Slight error in judgement.  I know, I know…it rarely happens 😉  so when it does, it is the job of the BFF to, of course, call me on it.

Remember yesterday’s post about the ABCs of Shez?  Well, if you read it and then all the comments you would have seen my egregious error, which is that T is always for Texas (that is a direct quote from the niece).  Now, I know that you know that I know that you know that I know that T is always for Texas, so I thought it okay to list something else for T–silly, silly Shez.  Obviously too much beer (or perhaps not enough beer?).  Regardless, my other family (aka BFF’s family) decided to help “remind” me of my roots and the error of my ways and came up with their own ABCs–all about TEXAS!  It is just too fabulous to leave in the comment section where you may or may not ever see it.

So grab your beer and enjoy 🙂

Girl, let me be the first to tell you Texas IS what makes you interesting!
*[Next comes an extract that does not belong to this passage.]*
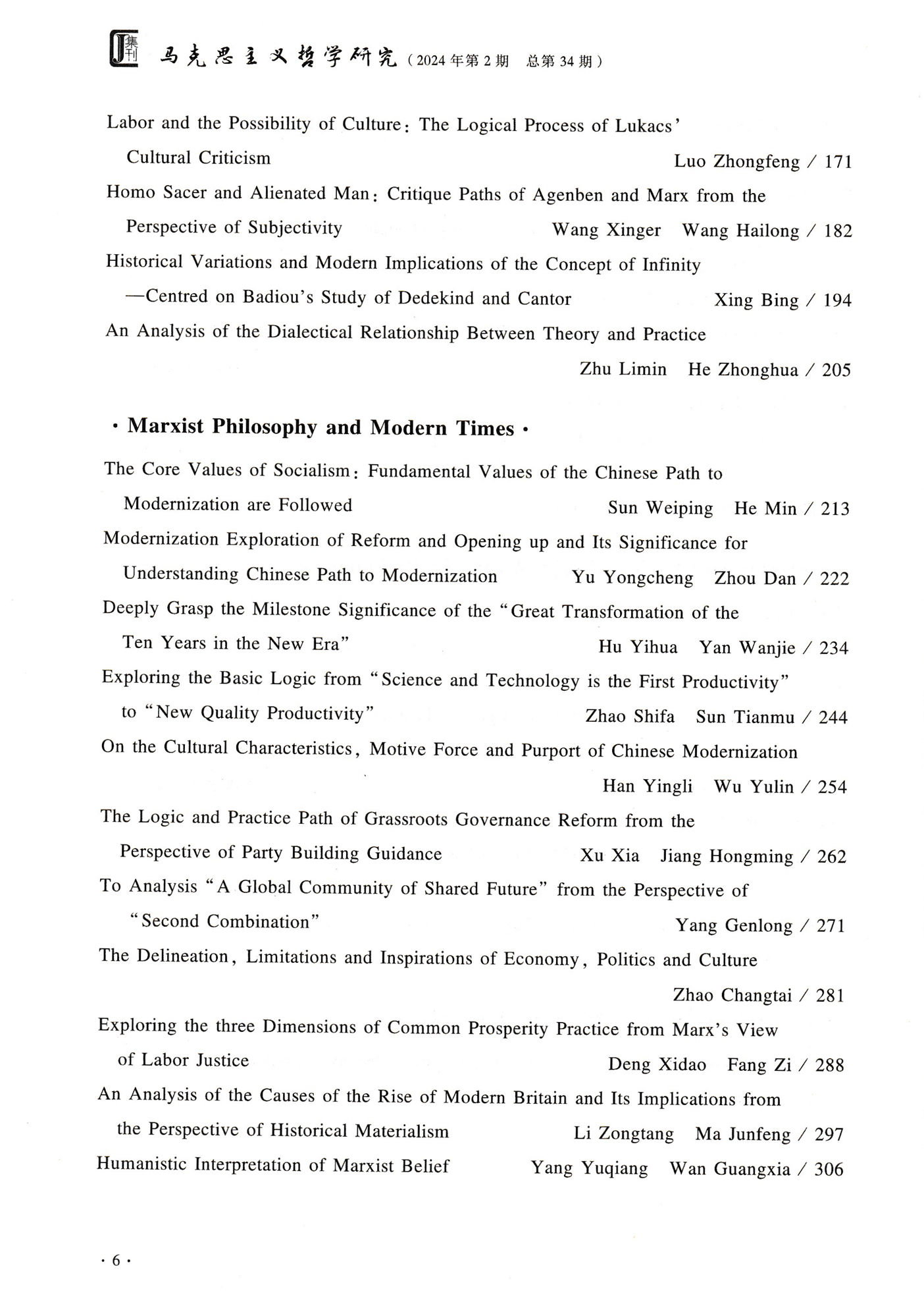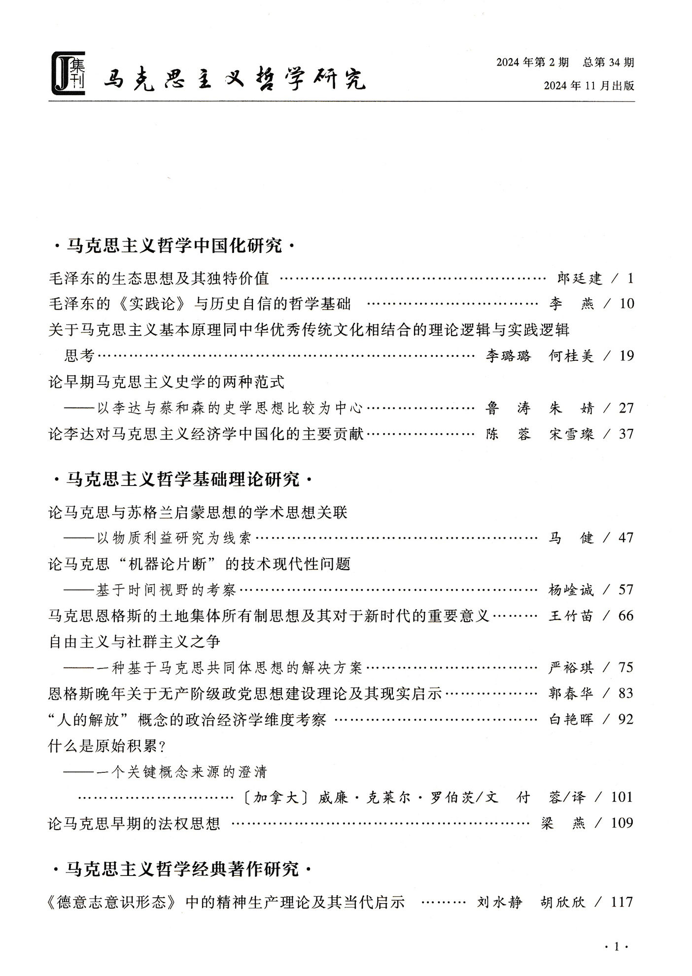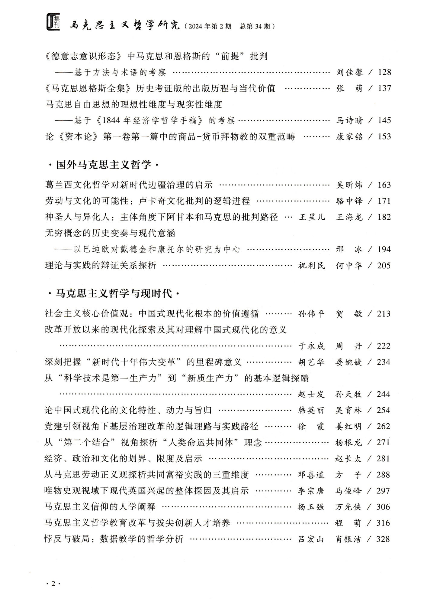 《马克思主义哲学研究》(2024年第2期)

So because we love you and see that you have lost your way Dad, Becca, Chelle, Lizzie, & I came up with a little something to help you back on the path home to TEXAS.

THE ABC’s of TEXAS:
A = ALAMO because that is where it all began. AUSTIN the capital of the greatest state in our nation. AMARILLO well because that’s where your other family lives. ARMADILLO.

B = BBQ; BLUEBONNETS; BUFFS(aloes) BOOTS and lets not forget BLUE BELL ICE CREAM

C = COWBOYS the ranching kind, the western bar kind, & the ones in Dallas with a big blue star! CADILLAC RANCH; COWS; & COUNTRY MUSIC.

D = DALLAS, it’s called the big D for a reason; DEER; DANCING; DONT MESS WITH TEXAS; DEEP IN THE HEART OF TEXAS; DESERT; (& Becca & Chelle remind you of the DEAD cow hit with their truck)

E = out in the west Texas town of EL PASO…; The EYES OF TEXAS ARE UPON YOU

F = FRIDAY NIGHT LIGHTS. Yes folks it’s real; FOOTBALL; FREDERICKSBURG; FORT WORTH (because George asked if it crossed your mind); FRIENDLY

G = GIANT because everything’s bigger in Texas; & GUITARS as in the only two things in life that make it worth living…; GILLEY’S; GALVESTON; & GIG ‘EM

H = HOME SWEET TEXAS; HILL COUNTRY; HOUSTON; HORNEY TOADS; & HOOK ‘EM

I = INDEPENDENCE

J = JOHNSON as in Lady Bird; & our LBJ; & JACKRABBIT

K = KINGS RANCH

L = LONE STAR STATE; LONGHORNS; LADY BIRD; & LUCKENBACH (because Everybody’s Somebody)

M = MARGARITA; MUSIC; MOCKING BIRD; MEXICAN FOOD

N = NIGHT SKIES (as in The Stars at Night are Big & Bright…); & NASA

O = OIL (as in black gold Texas T) OUTLAWS (the originals)

P = PECAN TREES; PECAN PIE; mmmm; PICK UP TRUCK; PLAINS; & PALO DURO CANYON

Q = QUANAH PARKER; QUARRIES;

R = RIO GRANDE; RODEO; RAILROAD; RANCHES; RANGERS (baseball & lawmen) & RATTLESNAKES

S = SAN ANTONIO; SPURS; SHINER; SIX FLAGS; SCHLITTERBAHN!!!

T = TEXAS (T is always for TEXAS) (Lizzie said “it’s what you should have put in the first place!!!)

U = UNIVERSITY OF TEXAS

V = VILLA (as in Taco Villa); VENISON

W = WILLIE (you got this one but mistakenly put it under N, to those of us in the know it’s just WILLIE). WIND, WILDFLOWERS

X = XIT RANCH

Y = YELLOW ROSE; Y’ALL;

Z = ZZ TOP; & a ZILLION REASONS TO LOVE TEXAS!!!!